Redwood Majesty (Photo credit: MizzD)

Goals in therapy are interesting.  On one hand, it can be important and helpful, as in many undertakings, to set some.  Sometimes there are very pressing goals, such as ending episodes of panic that are debilitating, or alleviating some obsessive thinking, or stopping  a series of damaging relationships, or many others.  Goals can help give an intention, a direction; they can be a touchstone for evaluating progress.

But consider another point of view:  If I go to the Redwood forests in California for the first time and somebody says, as we set foot onto the fern-bordered path, “So what do you want to see?”, what is the answer?  Or even better, “What do you want to accomplish?”  What is the answer?

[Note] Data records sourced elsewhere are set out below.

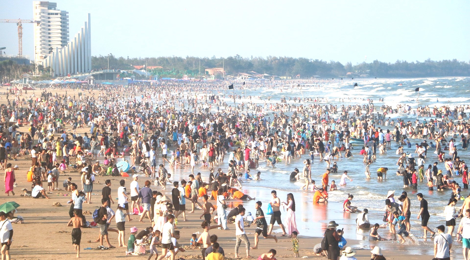 Để đảm bảo an toàn cho du khách trong điều kiện đông người, lực lượng cứu hộ túc trực liên tục dọc bãi biển, thường xuyên phát loa cảnh báo và nhắc nhở các trường hợp bơi vượt khu vực cắm cờ giới hạn, tập trung đông người ở vùng nước sâu hoặc tiềm ẩn nguy hiểm.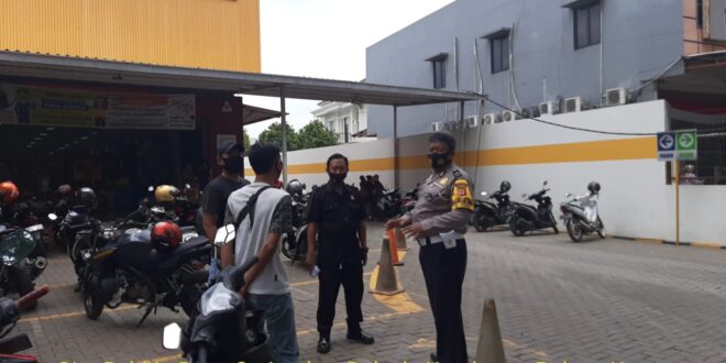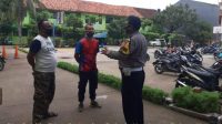 Bhabinkamtibmas Polsek Kotabaru Polres Karawang Polda Jabar Aiptu Salim melaksanakan kegiatan rutinitas sambang tatap muka dan dialogis Serta Himbauan 3M+1T dengan penjaga sekolah sakobar di Desa Sarimulya Kec.Kotabaru .Kab Karawang. Jumat (23/10/2020).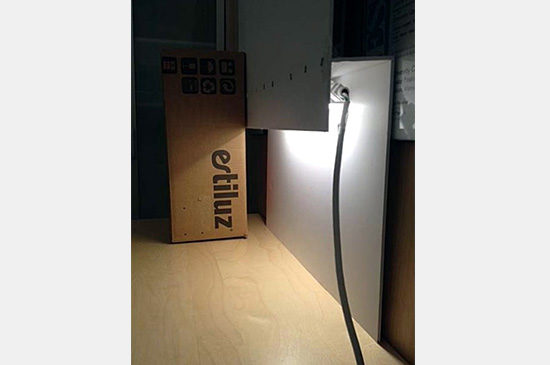 The geometry of the final profile incorporates a ½” reveal joint that aligns with each floor level in addition to a ½” reveal located at all openings of the adjacent plaster accent wall, from which the spiral stair projects. An inset vertical white Krion panel, offset a set dimension from the surface of the stair tread, accommodates a flexible LEDlight fixture within a light cove.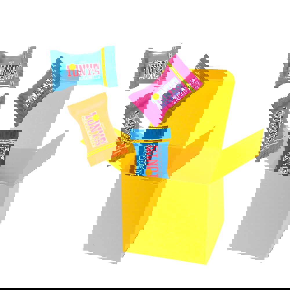 4 Tiny Tony´s verpackt in ColorBox Gelb. • Quadratisch, flexibel und nachhaltig: die ColorBox ist ein Naturprodukt "MADE IN GERMANY" welches aus 100% Recyclingpapier hergestellt wird,gefüllt mit 4 Tiny Tony's, das sind Mini‑Schokoladentäfelchen in unterschiedlichen Sorten: Milch, Milch Karamell Meersalz, Milch Nougat, Milch Haselnuss, Zartbitter Mandel Meersalz, Dunkle Milch, Dunkle Milch Brezel, Dunkle Milch Brezel, Weiße Schokolade und Weiße Schokolade Himbeere Knusper (Sortierung kann von der Abbildung abweichen). Die ColorBox kann auf Wunsch mit einem 4c Aufkleber oder 1c Druck individualisiert werden, weitere mögliche Werbeanbringungen sind eine Banderole 4c um die Box herum und ab 3000 Stück ein All-Over Druck 4c.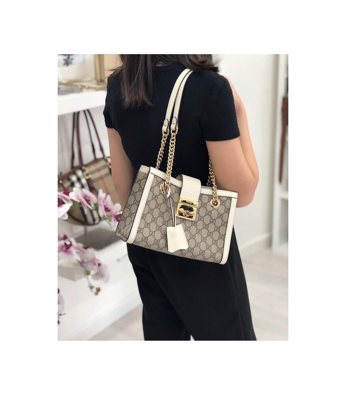 – Beige/ebony GG Supreme canvas, a material with low environmental impact, with white leather detail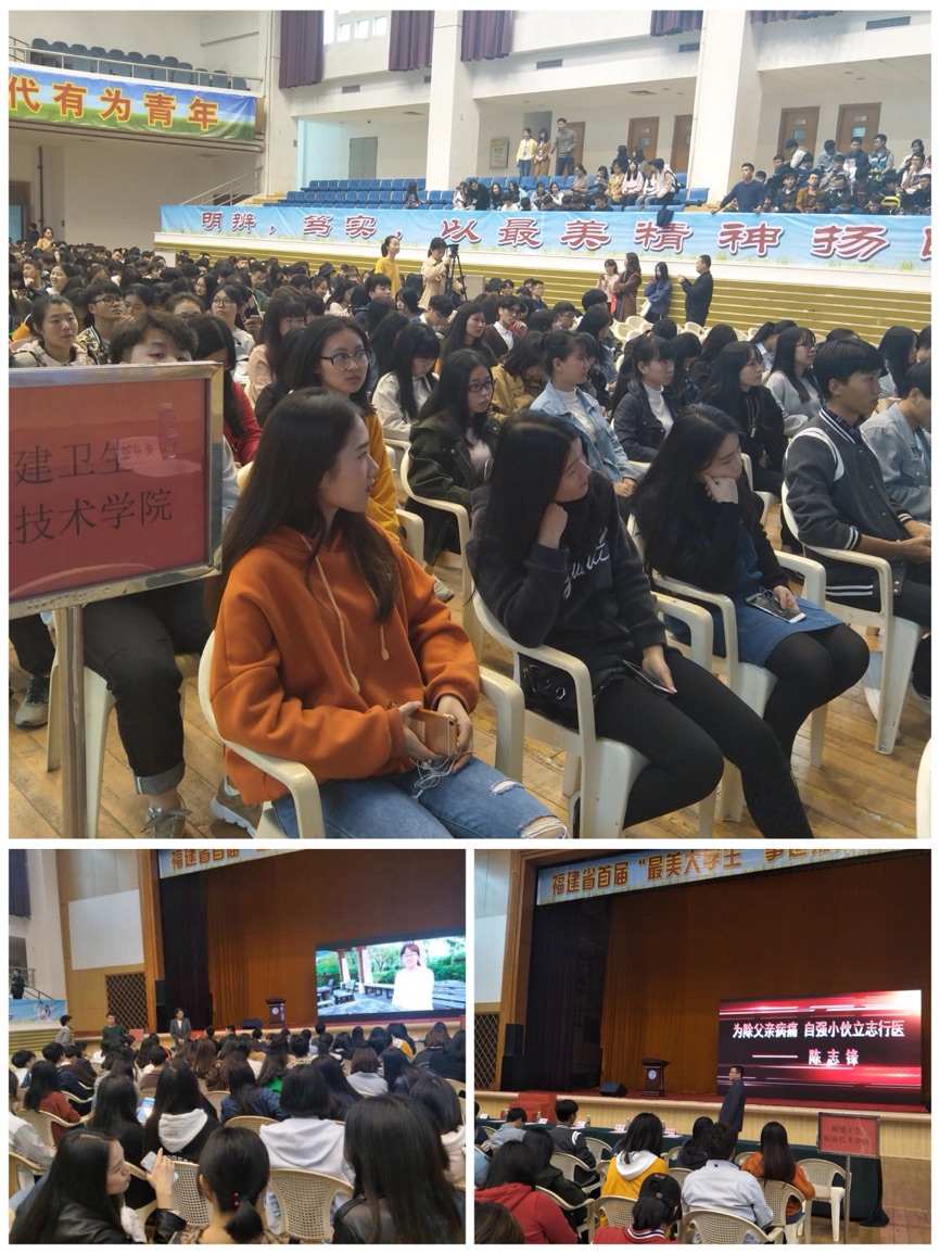 在本次報(bào)告會(huì)中,來自福建農(nóng)林大學(xué)的童璽分享大學(xué)生涯的創(chuàng)業(yè)、學(xué)業(yè)、人生的追夢(mèng)歷程;福建醫(yī)科大的陳志峰分享用笑臉迎接悲慘的人生,播撒善意,傳遞溫暖;福建工程學(xué)院的施玲珊則分享敞開心扉接納他人服務(wù)他人的志愿之美,塑造宣傳踐行歷程的專業(yè)之美;寧德師范學(xué)院的葉思思給在場(chǎng)的師生講述了她永無(wú)止境的學(xué)習(xí),要贏就要贏到最后的比賽實(shí)踐經(jīng)驗(yàn)。四位“最美學(xué)生”的精彩報(bào)告,事例生動(dòng)、故事感人、令人振奮。他們的報(bào)告贏得了現(xiàn)場(chǎng)師生的陣陣掌聲。這場(chǎng)報(bào)告會(huì)給師生們帶來了極大的影響,使他們的精神受到了洗禮,思想得到了升華,靈魂得到了凈化。

It would seem a pity to say, “I want to see the following seven species of flora, and also two birds, preferably males, that are said to live in this vicinity.” !!

Hopefully we would go into it with an attitude of wanting to see what there is to see; to explore; to experience the Redwoods and their amazing environment.  We can’t know in advance what we want to experience there, because we’ve never experienced it.  To set out with a list would keep us from really being in the Redwoods, like carrying a camera around Paris in order to snap shots of the Eiffel Tower, the Louvre, and ten other famous spots, and then head south.

Opening up in psychotherapy to a point of view of exploring the self can be one of the most exciting parts of the journey. The psyche–that is, the whole of your mental, emotional, spiritual functioning, conscious and unconscious–is like the Redwood forests times a million.  Or rather, it’s like every possible kind of landscape on earth–and beyond.  It contains infinities.  “Know Thyself” is one of the oldest pieces of wisdom in the world.  It takes radical openness.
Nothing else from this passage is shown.